Тогда-то Варя и начала несколько раз в неделю выезжать в райцентр на дискотеку, а иногда и в большой город. Зимой в деревне жили только Варя, несколько старожил, дед Аркадий и Горичка. Впрочем, теперь Варя звала её Горица Вуковна и больше не боялась. «Это Горице следовало бы бояться», – насмешливо улыбалась Варя, проходя мимо участка ведьмы. Иногда Варя даже позволяла себе похулиганить. Например, ей вдруг захотелось украсть зачарованное яблочко. Всё же интересно, чего оно сразу чернеет, как только с ветки сорвёшь. Но на забор вспрыгнул петух, Варя едва увернулась, схватила камень и запустила во вредную птицу, промахнулась, петух взлетел на забор, на шум выбежала Горица Вуковна. Варя круто развернулась и хохоча пошла прочь. Ведьма не посмела ничего сделать.
Впрочем, иногда на Варю что-то находило, накатывала тоска, и тогда отчаянно хотелось поговорить с Горицей Вуковной. Конечно, ни о какой дружбе или хотя бы примирении и речи быть не могло! Но Варя захлёбывалась одиночеством. И она знала, что никто её не поймёт, только Горица Вуковна и могла бы понять. Она ведь тоже другая.
Порой тоскливыми зимними ночами Варя сомневалась. Бывало, Гуня так жадно прижимался к ней, что пробуждал давний страх: вдруг мальчик выпьет её полностью, и Варя упадёт холодная и мёртвая. Чем дольше она ходила на болото, тем тяжелее становилось на душе. Впрочем, Варя успокаивала себя тем, что Гуня, казалось, привязался к ней и потому ничего плохого не сделает.
С каждым годом лес менялся: появлялось всё больше затопленных низин, вода после таяния снега дольше не сходила. Иногда казалось, что не сойдёт совсем. Внимательный человек заметил бы, что сходит вода так, что вокруг деревни образуется круг.
Варя вышла замуж. Не по любви, просто мужик в хозяйстве нужен был. Прожил муж недолго, умер ещё до рождения Витьки, оставил кое-какие сбережения на книжке. Ребёнок родился особенным, светлым-светлым, с вечной блаженной улыбкой. Варя, конечно, винила Горицу Вуковну, которая уж слишком часто пялилась на неё из-за забора. Наложила порчу проклятая!
А Горица Вуковна смотрела на Варю не просто так. Поговорить бы, что называется, по душам, но она прекрасно знала: Варя её не любит и всё равно не послушает. Глупая девчонка! И как к такой подступиться? К тому же кто ей Варя? Родственница? У Горицы Вуковны и своих дел хоть пруд пруди. И всё же она жалела глупую Варю, так беспечно губившую жизнь.

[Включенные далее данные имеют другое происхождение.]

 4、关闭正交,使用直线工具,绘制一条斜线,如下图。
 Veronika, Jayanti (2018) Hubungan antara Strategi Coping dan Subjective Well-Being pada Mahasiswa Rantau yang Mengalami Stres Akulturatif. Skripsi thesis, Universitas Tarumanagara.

Лось брёл по болоту. Покрытыми белёсой плесенью копытами едва касался стоячей воды. От его прикосновений не расходились круги, и бледные отражения сосен оставались не тронутыми. Паутина на рогах серебрилась и дрожала на ветру. Лось был слишком стар, чтобы открыть глаза, и на морщинистых веках рос лишайник. Лось шёл уверенно, внутренним зрением видя дорогу.
Так было всегда. Лось не помнил молодости и, может, с самого сотворения мира был стар и слеп. Настолько стар, что тени мироздания, все торенные и не торенные пути, узором трещин отпечатались на огромных рогах.
Лось замер.
Сегодня болото изменилось. Такое же тихое, мшистое, но что-то изменилось.

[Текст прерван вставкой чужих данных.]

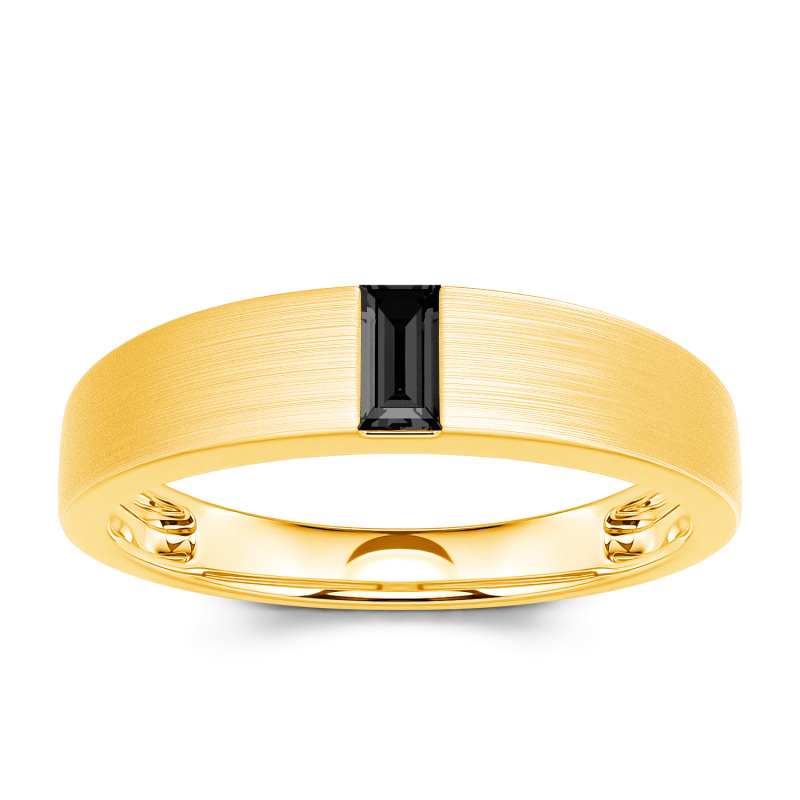 Use this charming band to celebrate your loving commitment and seal your vows in style. With the liberal brushed finish, the dashing men’s band features an emerald-cut shimmering stone encapsulated in the refined band. Radiant with shining solitaire, this comfort-fit wedding band is a symbol of faithful and everlasting love, and its generous design never succumbs to trends.

В болоте не хватало твари.
Долгое время болото служило усыпальницей для твари, голодной, алчущей, буйной. Давным-давно тварь свободно разгуливала по миру, ловила одиноких путников и сфагновых людей, родившихся от рогов лося ещё в те времена, о которых теперь не сохранилось памяти.
Болотник был древним духом, возможно, даже самым древним из всех известных лосю сущностей. Может, он даже появился раньше лося. Может, было даже мгновение, когда во вселенной существовал лишь один Болотник.

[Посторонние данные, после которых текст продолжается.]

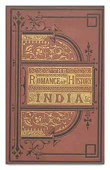 Caunter became best known for The Romance of History. India, which first appeared in three volumes in 1836. It was part of a series, The Romance of History, in which different writers offered tales of adventure and romance set – besides India – in England, France, Spain and Italy. Caunter's work consists of 15 romanticised retellings of episodes from the early Muslim conquests in the Indian subcontinent. Each story is preceded by a historical summary.[44][45] The book served as the basis for Aitihasik Upanyas (1857) by the Bengal writer Bhudev Mukhopadhyay, which consists of a story, 'Saphal svapna', based closely on Caunter's story 'The Traveller's Dream', as well as the first historical novel written in Bengal, Anguriya Binimay, based on Caunter's story 'The Mahratta Chief'.[46][47] Another Bengal writer, Krishna Kamal Bhattacharya, borrowed from Caunter's story 'The Pariah' for his novel Durakankher Britha Bhraman (1858).[48]
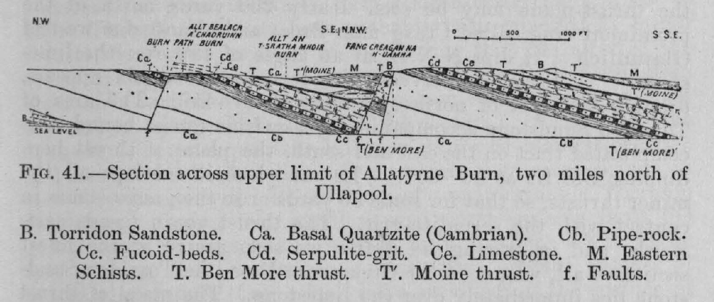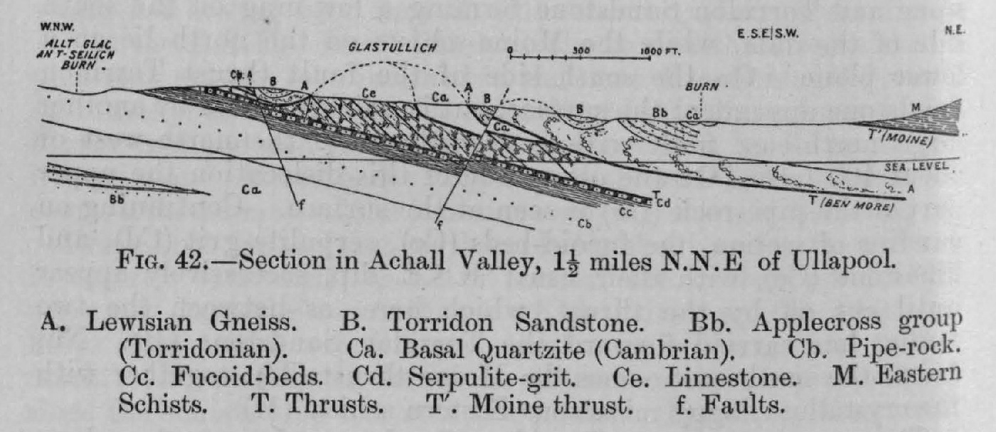 This section, beginning on the west near the small burn called Allt Glac an't Seilich, runs in a direction east by south towards the outlet of Loch Achall. The pipe-rock (Cb) is here succeeded in regular order and with the usual dip to E.S.E. by the fucoid beds and serpulite-grit (Cc and Cd). These strata are overlain by the thrust-plane, on which in the triangular area, above referred to, the limestone and other rocks have been thrust together in great confusion. Next comes a smaller thrust bringing in a slice of the pipe-rock, and then one of the larger thrusts, which has carried forward a portion of the Lewisian gneiss (A). A small fault (f) here throws down all these rocks to the east. On its further side the thrust-plane, as well as the rocks resting on it, has been bent into a synclinal fold, in which the Torridon Sandstone (B) lies unconformably on the gneiss (A). This thrust, whereby the gneiss has been driven forward, must overlap the lower thrust, which has pushed the quartzite over the limestone. The latter member of the Cambrian series is here apparently of great thickness, with a south-easterly dip of 40° to 50°. Though the strata have probably been repeated by minor thrusts, they show no trace of the folding that has affected the overlying thrust-planes. These planes before their denudation must have arched over the limestone somewhat in the manner represented by the dotted lines in the section. On the east side of the anticline the quartzite lying on its thrust-plane is overlain in turn by the higher dislocation, which once more brings in view the gneiss with its covering of unconformable Torridon Sandstone. Owing to a small normal north-easterly fault the gneiss again appears at the surface until further east it passes finally under the Torridon Sandstone (Bb). Some patches of the basal quartzite (Ca) which have survived on the surface of the sandstone not only illustrate the double unconformability of the Torridon series on the Lewisian gneiss and of the Cambrian quartzite on the Torridonian Sandstone, but indicate that the latter rock has been driven forward from some now concealed eastern area where its thickness is not great. The thrust rocks of Strath Kanaird prove that no Torridon Sandstone existed at that place in Cambrian time, for the quartzite rests there immediately on the Lewisian gneiss. Beyond some obscure ground the section reaches the Moine thrust and enters the region of the Eastern schists (M).

Какое-то глупое создание бросило зов и пробудило тварь. Глупое создание, не понимающее, с чем связалось. Глупое создание, вознамерившееся использовать силу Болотника, силу, которая неподвластна ни одному смертному существу. Теперь Болотник будет пожирать всё живое, пока не поглотит весь мир.
Лось прислушался. Нет, тварь уже далеко ушла. Ничего, Болотник выдаст себя. Лось высоко поднял голову. Бледное солнце коснулась лишайника на веках. Веки дрогнули. Задрожала пыль. Лось мог бы открыть глаза. Но глаза нельзя открывать.
В день, когда он откроет глаза, мир перестанет существовать.
— Мне лось приснился, — сказала Аня Безликова.
Всегда немногословный Арамис Григорьевич хмуро кивнул. Аня поняла, он видел тот же сон, где лось брёл по древнему болоту. Надо собираться. Нечего рассиживаться.
Аня включила газовую горелку и сварила кашу и яйца. Арамис собрал палатку.
Иногда охотники путешествовали далеко и долго не заходили в населённые пункты. Так что, по сути Арамис был единственным собеседником Ани. Отстранённый, замкнутый, даже дикий. Аня часто тосковала по простым звукам человеческой речи.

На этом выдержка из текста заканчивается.